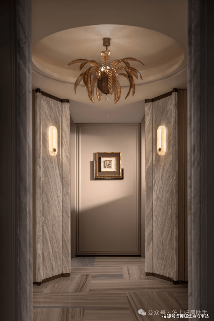 经典十字序列厅:从私享电梯厅开始,经由对开入户门,首先就进入这样一个十字序列厅,视线远处,就是尽头观景台,这条长廊,可以是公私分区的交通枢纽,也可以是彰显主人品味的艺术长廊;
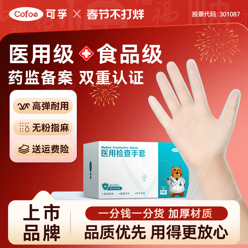 📚 可孚一次性医用pvc检查手套食品级专用tpe医疗实验室外科医护家务
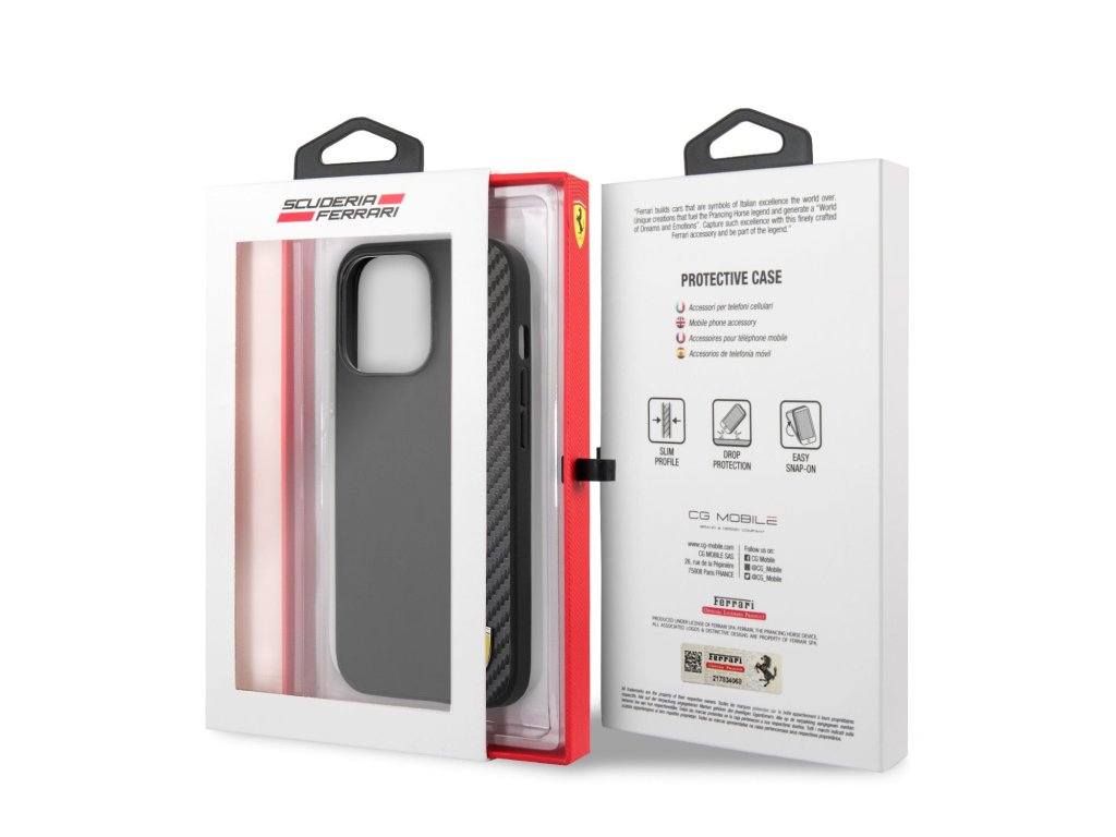 Ferrari Smooth and Carbon Effect Zadní Kryt pro iPhone 13 Pro Black
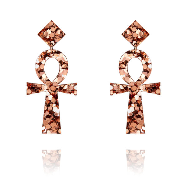 Handmade from luxe Perspex glitter, with sterling silver for pierced ears, the Ankh earrings are eye-catching, feather light and perfect to wear from day to night.
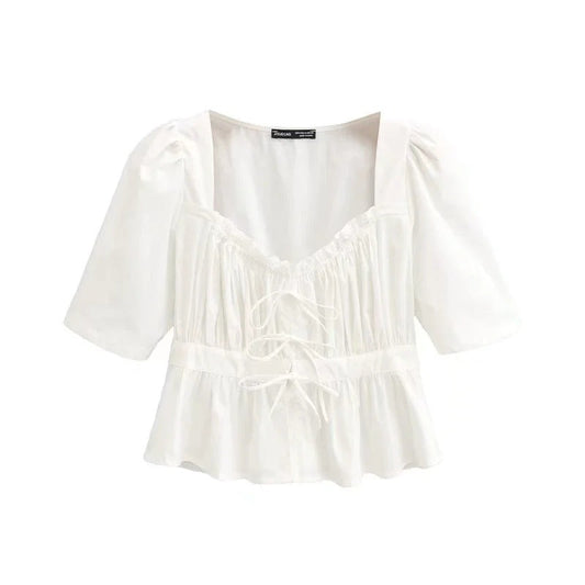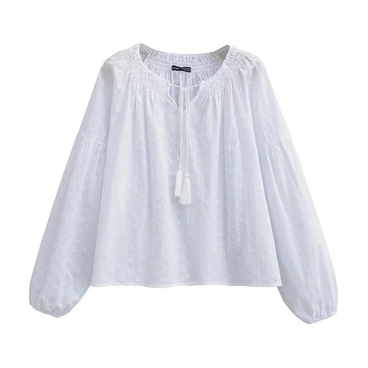 Kvinnors Wrap-Blus Puffiga Ărmar Bomullsblandning
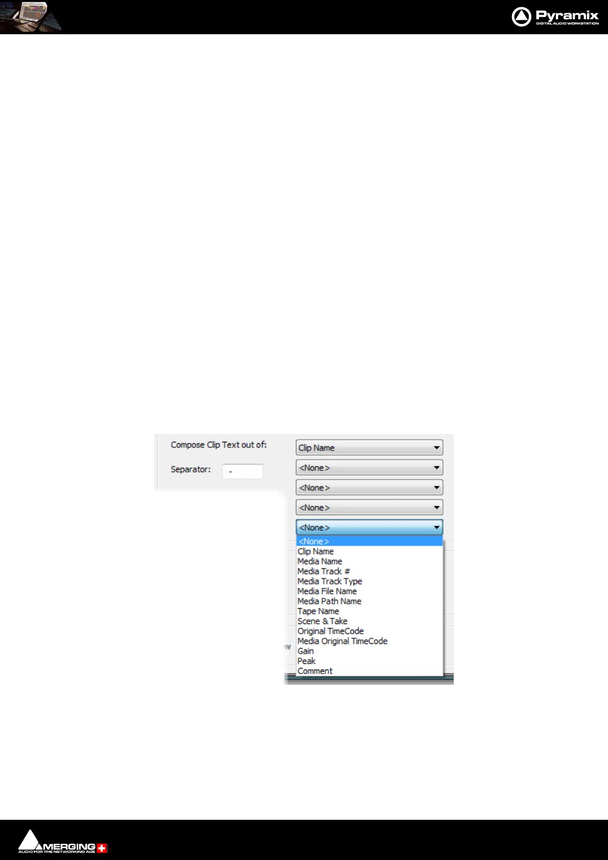 Compose Clip Text out of: The Clip text displayed can consist of up to five elements chosen from the five
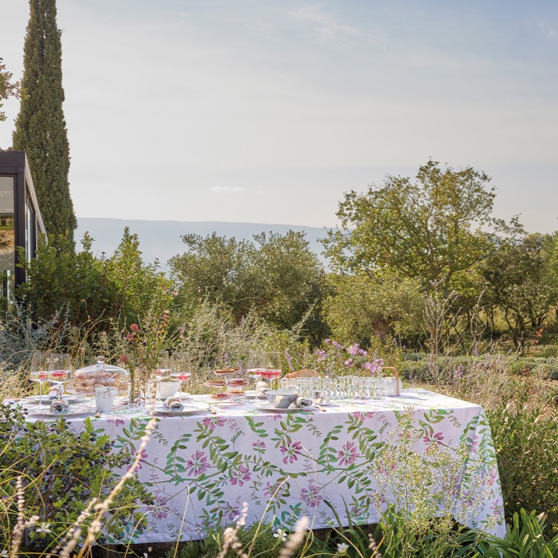 . La collection Pois de senteur, se décline en nappe carrée ou rectangulaire, serviettes de table, chemin de table... en vente sur Comptoir du Sud.
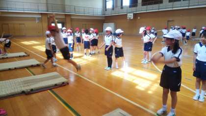 体育の時間、立ち幅跳びの
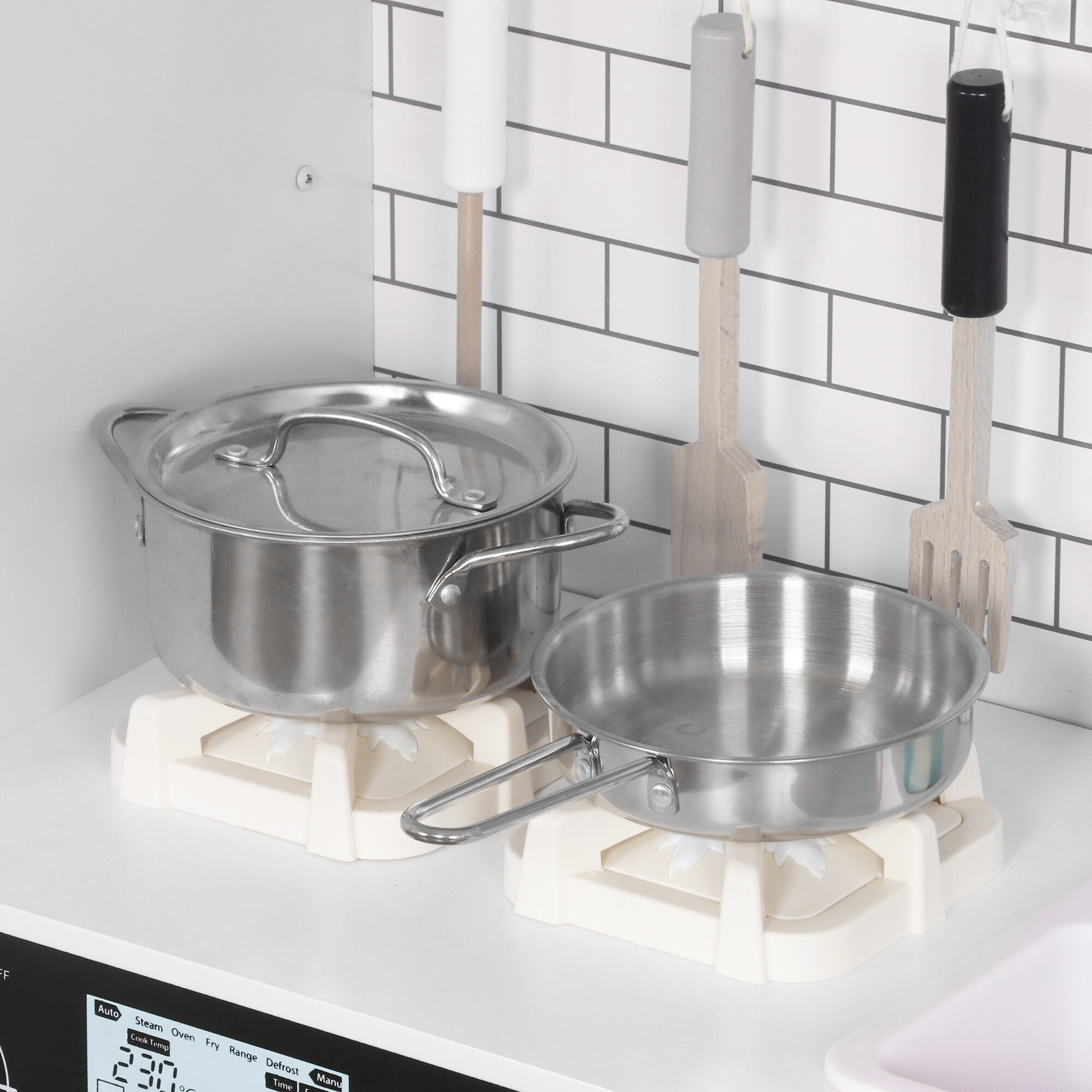 Pro přípravu chutných pokrmů je dětská kuchyňka vybavena nádobím. V kuchyňce nechybí police pro uložení nádobí a háčky pro zavěšení kuchyňského náčiní.
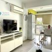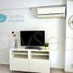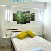 The flat has views of the city. It has a double bed, a trundle bed with two single mattresses, a living room, 1 bathroom, a large wardrobe and a fully equipped kitchen with fridge, microwave, coffee maker and toaster.

++++++++++++++++++++

> WHAT IS EXPECTED: Please return the data above exactly as it stands from the line with "Kvinnors Wrap-Blus Puffiga" to the line with "Pro přípravu chutných", keeping both of those lines but none of the pictures.

> ANSWER TO THE EXERCISE:
 Kvinnors Wrap-Blus Puffiga Ărmar Bomullsblandning
 Compose Clip Text out of: The Clip text displayed can consist of up to five elements chosen from the five
 . La collection Pois de senteur, se décline en nappe carrée ou rectangulaire, serviettes de table, chemin de table... en vente sur Comptoir du Sud.
 体育の時間、立ち幅跳びの
 Pro přípravu chutných pokrmů je dětská kuchyňka vybavena nádobím. V kuchyňce nechybí police pro uložení nádobí a háčky pro zavěšení kuchyňského náčiní.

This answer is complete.